Unfortunately, as a price of economic growth, serious pollution and worsening living conditions were swept under the rug. It was not until the so-called ‘Pollution Diet’ in late 1970 that Japanese politics confronted these environmental issues by passing as many as 14 laws. This was a turning point that painfully and methodically paved the way to the clean sky Tokyo enjoys today.

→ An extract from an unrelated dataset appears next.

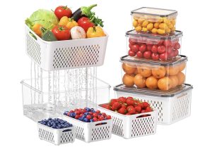 原价$21.99! 5 个带盖水果储存容器包括 5 个容器、5 个可拆卸滤锅。5 种不同尺寸,从 140 盎司到 12 盎司(4150 – 350 毫升), 配有 5 个可拆卸滤锅, 可拆卸滤锅使水果和蔬菜的冲洗和沥干更容易,防止食材因浸泡过度而变质和腐烂, 采用优质不含双酚 A 的 pp 塑料材料制成,坚固且可重复使用, 密封储存容器可用于洗碗机、冰箱和微波炉

56 years later, Tokyo’s second Olympics is less about building hard infrastructure and more about being ecologically mindful and technologically smart. A mature Japan can play a new role in the troubled world by using the Games as a springboard to turn around its inward-looking image. If Japan can rebrand itself as an open and embracing host nation, the soft legacy of Tokyo 2020 will be a success. The world will see Japan in a new light and Japan will wake from the complacent pessimism in which it has stewed over the past three decades.

Nobuko Kobayashi is Ernst & Young — Japan — Transaction Advisory Services Managing Director and Partner. The views reflected in this article are the views of the author and do not necessarily reflect the views of the global EY organization or its member companies.

A version of this article appears in the most recent edition of East Asia Forum Quarterly, ‘Japan’s leadership moment‘, Vol. 11, No. 3.

 

 

 

2 responses to “Can the Tokyo Olympics rebrand Japan?”

  1. I doubt the Olympics will create any kind of lasting legacy, it never does. Once the news cycle moves on, what will be said about Japan? If there is no genuine change in society, and there doesn’t look like there will be, the unsavoury aspects that are being overlooked now will come into focus. Japan needs more than friendly volunteers at a sports event when there are serious issues with how immigration is handled and non-Japanese treated

  2. It is strongly recommended to postpone Olympics next year. I personally don’t mind where it’s hosted.
    COVID-19 is spreading at a tremendous rate and it is important to prevent further infections among people. So, it is quite reasonable to postpone the Olympics in order to protect people around us.